Existing Secure Authentication
[0134] FIG. 8 shows a more secure method of authentication using
public key encryption. In public key encryption, there are two keys
(public PK and private PVK). The public key PK can be known to
everyone, while the private key must be kept secret for security.
Only the holder of the private key can decode a message.
[0135] Digital authentication is built on top of asymmetric
encryption. It is already used to verify that the website being
contacted by a user is who it says it is. Digital authentication
requires one trusted authority, in this case the certificate
authority CA who issues certificates for each website. For example,
if we contact google.com, first the web browser contacts the
certificate authority CA and asks for the certificate for google.

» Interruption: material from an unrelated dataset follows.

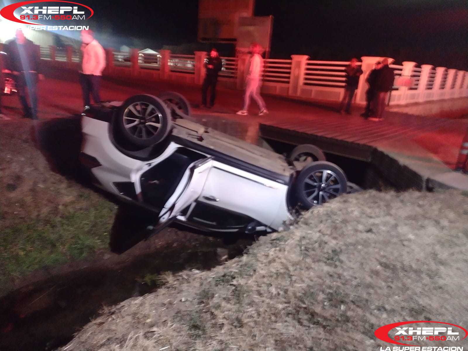 El accidente sucedió cuando el vehículo salió de un local comercia y al l cruzar el puente cayó primero la llanta delantera y al no contar con barandal o algún tipo de barrera de contención en el puente, sobrevino la volcadura.

The certificate includes a public key PK, allowing us to encrypt a
message that only google can understand. The browser of the client
C then picks a random number called the Nonce. In order to verify
that the website is really google, the web browser encrypts the
nonce and sends it E to the website. If the website is really
google, the server can decrypt the number and send it back D,
proving their identity.
[0136] There are current systems where secure authentication is
used in both directions. When logging into a remote computer to
type commands, ssh (secure shell) allows the definition of a list
of authorized users for password-less login. First ssh verifies
that the server is still the same (the first time though, the user
must manually verify that the server is ok). Then, the server
authenticates the user. No passwords are ever exchanged, and the
password used is enormous, on the order of 2000 or 4000 bits long,
so it is far more secure than any human-selected password.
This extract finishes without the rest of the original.